Patches contributed by Eötvös Lorand University
commit aea25401c3347d9f3a64ebdc81043be246a9f631
Author: Ingo Molnar <mingo@elte.hu>
Date: Thu Aug 9 11:16:46 2007 +0200
sched: document nice levels
Document the design thinking behind nice levels.
Signed-off-by: Ingo Molnar <mingo@elte.hu>
diff --git a/Documentation/sched-nice-design.txt b/Documentation/sched-nice-design.txt
new file mode 100644
index 000000000000..e2bae5a577e3
--- /dev/null
+++ b/Documentation/sched-nice-design.txt
@@ -0,0 +1,108 @@
+This document explains the thinking about the revamped and streamlined
+nice-levels implementation in the new Linux scheduler.
+
+Nice levels were always pretty weak under Linux and people continuously
+pestered us to make nice +19 tasks use up much less CPU time.
+
+Unfortunately that was not that easy to implement under the old
+scheduler, (otherwise we'd have done it long ago) because nice level
+support was historically coupled to timeslice length, and timeslice
+units were driven by the HZ tick, so the smallest timeslice was 1/HZ.
+
+In the O(1) scheduler (in 2003) we changed negative nice levels to be
+much stronger than they were before in 2.4 (and people were happy about
+that change), and we also intentionally calibrated the linear timeslice
+rule so that nice +19 level would be _exactly_ 1 jiffy. To better
+understand it, the timeslice graph went like this (cheesy ASCII art
+alert!):
+
+
+ A
+ \ | [timeslice length]
+ \ |
+ \ |
+ \ |
+ \ |
+ \|___100msecs
+ |^ . _
+ | ^ . _
+ | ^ . _
+ -*----------------------------------*-----> [nice level]
+ -20 | +19
+ |
+ |
+
+So that if someone wanted to really renice tasks, +19 would give a much
+bigger hit than the normal linear rule would do. (The solution of
+changing the ABI to extend priorities was discarded early on.)
+
+This approach worked to some degree for some time, but later on with
+HZ=1000 it caused 1 jiffy to be 1 msec, which meant 0.1% CPU usage which
+we felt to be a bit excessive. Excessive _not_ because it's too small of
+a CPU utilization, but because it causes too frequent (once per
+millisec) rescheduling. (and would thus trash the cache, etc. Remember,
+this was long ago when hardware was weaker and caches were smaller, and
+people were running number crunching apps at nice +19.)
+
+So for HZ=1000 we changed nice +19 to 5msecs, because that felt like the
+right minimal granularity - and this translates to 5% CPU utilization.

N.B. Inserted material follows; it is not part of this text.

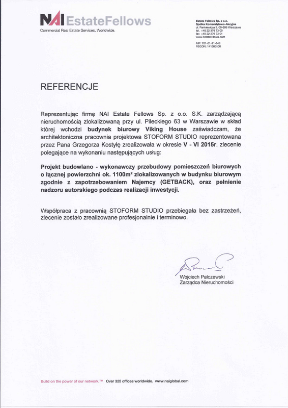 Reprezentując firmę NAI Estate Fellows Sp. z o.o. S.K. zarządzająca nieruchomością zlokalizowanąprzy ul. Pileckiego 63 w Warszawie w skład której wchodzi budynek biurowy Viking House zaświadczam, że architektoniczna pracownia projektowa STOFORM STUDIO reprezentowana przez Pana Grzegorza kostyłę zrealizowała w okresie V-VI 2015r. zlecenie polegające na wykonaniu następujących usług:

+But the fundamental HZ-sensitive property for nice+19 still remained,
+and we never got a single complaint about nice +19 being too _weak_ in
+terms of CPU utilization, we only got complaints about it (still) being
+too _strong_ :-)
+
+To sum it up: we always wanted to make nice levels more consistent, but
+within the constraints of HZ and jiffies and their nasty design level
+coupling to timeslices and granularity it was not really viable.
+
+The second (less frequent but still periodically occuring) complaint
+about Linux's nice level support was its assymetry around the origo
+(which you can see demonstrated in the picture above), or more
+accurately: the fact that nice level behavior depended on the _absolute_
+nice level as well, while the nice API itself is fundamentally
+"relative":
+
+ int nice(int inc);
+
+ asmlinkage long sys_nice(int increment)
+
+(the first one is the glibc API, the second one is the syscall API.)

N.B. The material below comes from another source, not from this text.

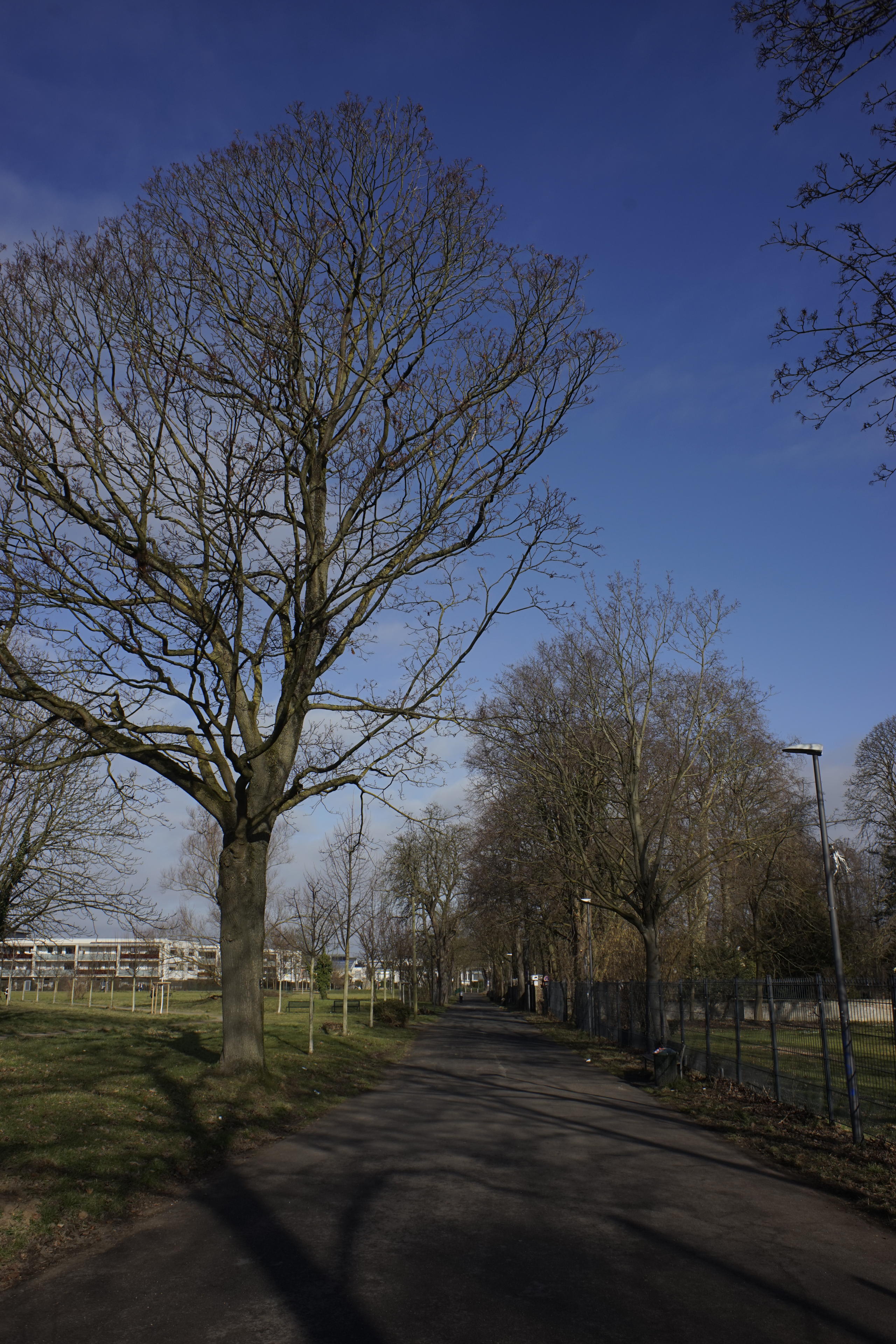 25.2.: Morgens früh musste ich zur Apotheke, weil es am Tag vorher mal wieder nix gab. Alles muss heutzutage bestellt werden. Blöd irgendwie. Ich jedenfalls schnell die Sony geschnappt, als ich sah, dass das Wetter entsprechend schön und hell war. Morgendlicher blauer Himmel macht immer gute Fotos. Und so hatte ich noch mal die Gelegenheit, ein paar Testbilder zu schießen, um die Minoltas genauer zu begutachten. (Spoiler: Nachdem ich festgestellt habe, dass die Bilder alle noch einen Tacken schärfer sein könnten, habe ich in der Kamera die Fokus-Ebenen-Korrektur auf -3 gestellt, das scheint schon ein bisschen zu helfen. Und noch immer frage ich mich: Warum können alle halbwegs modernen digitalen Kameras das, nur die Canon nicht?)

+Note that the 'inc' is relative to the current nice level. Tools like
+bash's "nice" command mirror this relative API.
+
+With the old scheduler, if you for example started a niced task with +1
+and another task with +2, the CPU split between the two tasks would
+depend on the nice level of the parent shell - if it was at nice -10 the
+CPU split was different than if it was at +5 or +10.
+
+A third complaint against Linux's nice level support was that negative
+nice levels were not 'punchy enough', so lots of people had to resort to
+run audio (and other multimedia) apps under RT priorities such as
+SCHED_FIFO. But this caused other problems: SCHED_FIFO is not starvation
+proof, and a buggy SCHED_FIFO app can also lock up the system for good.
+
+The new scheduler in v2.6.23 addresses all three types of complaints:
+
+To address the first complaint (of nice levels being not "punchy"

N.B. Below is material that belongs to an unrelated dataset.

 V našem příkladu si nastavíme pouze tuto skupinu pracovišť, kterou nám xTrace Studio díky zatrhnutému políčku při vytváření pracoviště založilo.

+enough), the scheduler was decoupled from 'time slice' and HZ concepts
+(and granularity was made a separate concept from nice levels) and thus
+it was possible to implement better and more consistent nice +19
+support: with the new scheduler nice +19 tasks get a HZ-independent
+1.5%, instead of the variable 3%-5%-9% range they got in the old
+scheduler.
+
+To address the second complaint (of nice levels not being consistent),
+the new scheduler makes nice(1) have the same CPU utilization effect on
+tasks, regardless of their absolute nice levels. So on the new
+scheduler, running a nice +10 and a nice 11 task has the same CPU
+utilization "split" between them as running a nice -5 and a nice -4
+task. (one will get 55% of the CPU, the other 45%.) That is why nice
+levels were changed to be "multiplicative" (or exponential) - that way
+it does not matter which nice level you start out from, the 'relative
+result' will always be the same.
+
+The third complaint (of negative nice levels not being "punchy" enough
+and forcing audio apps to run under the more dangerous SCHED_FIFO
+scheduling policy) is addressed by the new scheduler almost
+automatically: stronger negative nice levels are an automatic
+side-effect of the recalibrated dynamic range of nice levels.
commit fd8bb43e27bbba1b6d49552c3d588cf741dd44af
Author: Ingo Molnar <mingo@elte.hu>
Date: Thu Aug 9 11:16:46 2007 +0200
sched: delta_exec accounting fix
small delta_exec accounting fix: increase delta_exec and increase
sum_exec_runtime even if the task is not on the runqueue anymore.
Signed-off-by: Ingo Molnar <mingo@elte.hu>
diff --git a/kernel/sched_fair.c b/kernel/sched_fair.c
index 037b8245e533..16511e9e5528 100644
--- a/kernel/sched_fair.c
+++ b/kernel/sched_fair.c
@@ -287,15 +287,15 @@ __update_curr(struct cfs_rq *cfs_rq, struct sched_entity *curr, u64 now)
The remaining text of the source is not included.